Wed Oct 24 12:36:54 PDT 2012

Hi,

One of the reasons Firefox has not switched to jemalloc 3 yet, despite
the efforts to get it building against it, is that when we tested memory
consumption, we observed a regression in memory usage, compared to the
jemalloc fork we're currently using.

I recently started to check what makes the difference, and I now have a
500MB compressed log of malloc/calloc/realloc/memalign/free calls from a
Firefox session doing a lot of things, with a few checkpoints. I can
replay the log against both our old fork and the new jemalloc, stopping
at any of the checkpoints. This allows to compare a strictly identical
workload.

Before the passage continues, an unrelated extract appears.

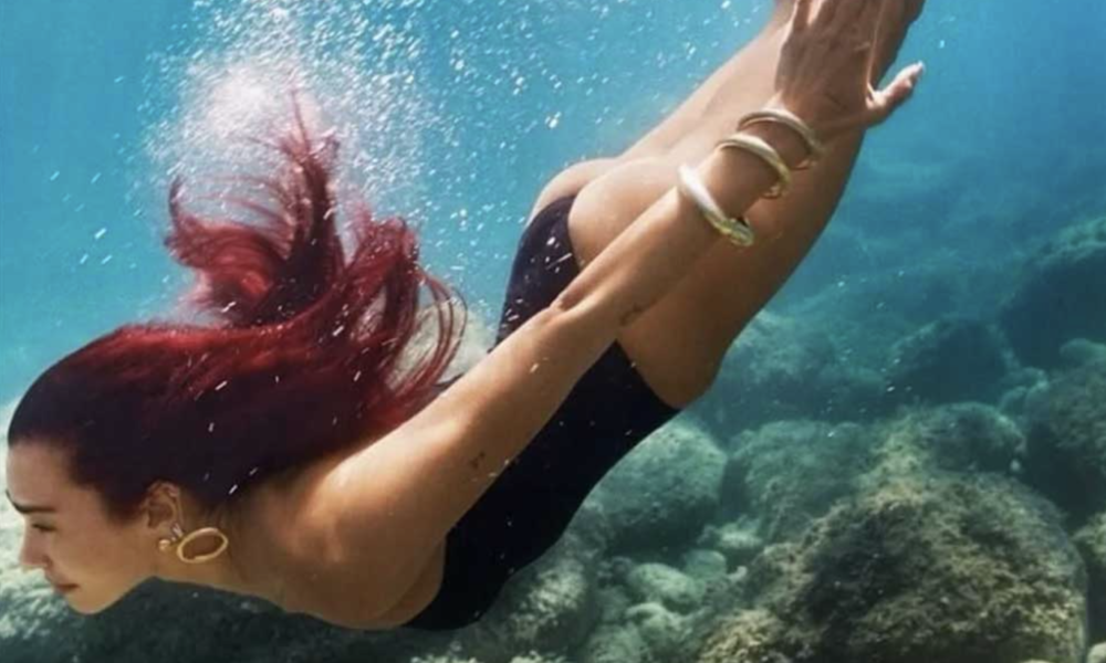 Dua Lipa flota en el océano mientras el sol se oculta detrás de ella. Su imagen proyecta fuerza y serenidad, aunque se ve amenazada por la...
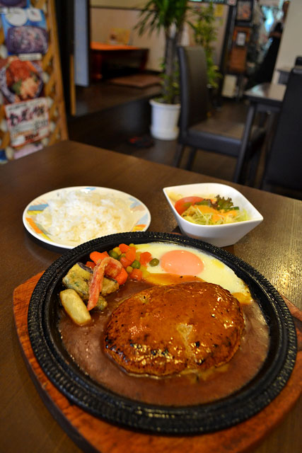 秘伝のデミグラスソースが決め手の鹿児島産和牛・黒豚ハンバーグステーキが自慢。

This will also allow to possibly test the workload with older
intermediate versions of jemalloc, as well as different config options,
and possible fixes.

With that replayed workload, I can see two main things:
- The amount of resident memory used by jemalloc 3 is greater than that
  of mozjemalloc after freeing big parts of what was allocated (in
  Firefox, after closing all tabs, waiting for a settle, and forcing GC).
  This is most likely due to different allocation patterns leading to
  some kind of fragmentation after freeing part of the allocated memory.
  See http://i.imgur.com/fQKi4.png for a graphical representation of
  what happens to the RSS value at the different checkpoints during the
  Firefox workload.
- The amount of mmap()ed memory is dangerously increasing during the
  workload. It almost (but not quite) looks like jemalloc don't reuse
  pages it purged. See http://i.imgur.com/klfJv.png ; VmData is
  essentially the sum of all anonymous ranges of memory in the process.
  Such an increase in VmData means we'd eventually exhaust the 32-bits
  address space on 32-bits OSes, even though the resident memory usage
  is pretty low.

The data was gathered with commit 609ae59 ; mozjemalloc is our fork.

Please tell me what kind of data could be useful to you ; for instance,
I can provide a jemalloc stats dump at each step. I'm also going to try
to get more data between the checkpoints, because, for instance, the
peak RSS is around 350MB, which doesn't show up on the graph.

Mike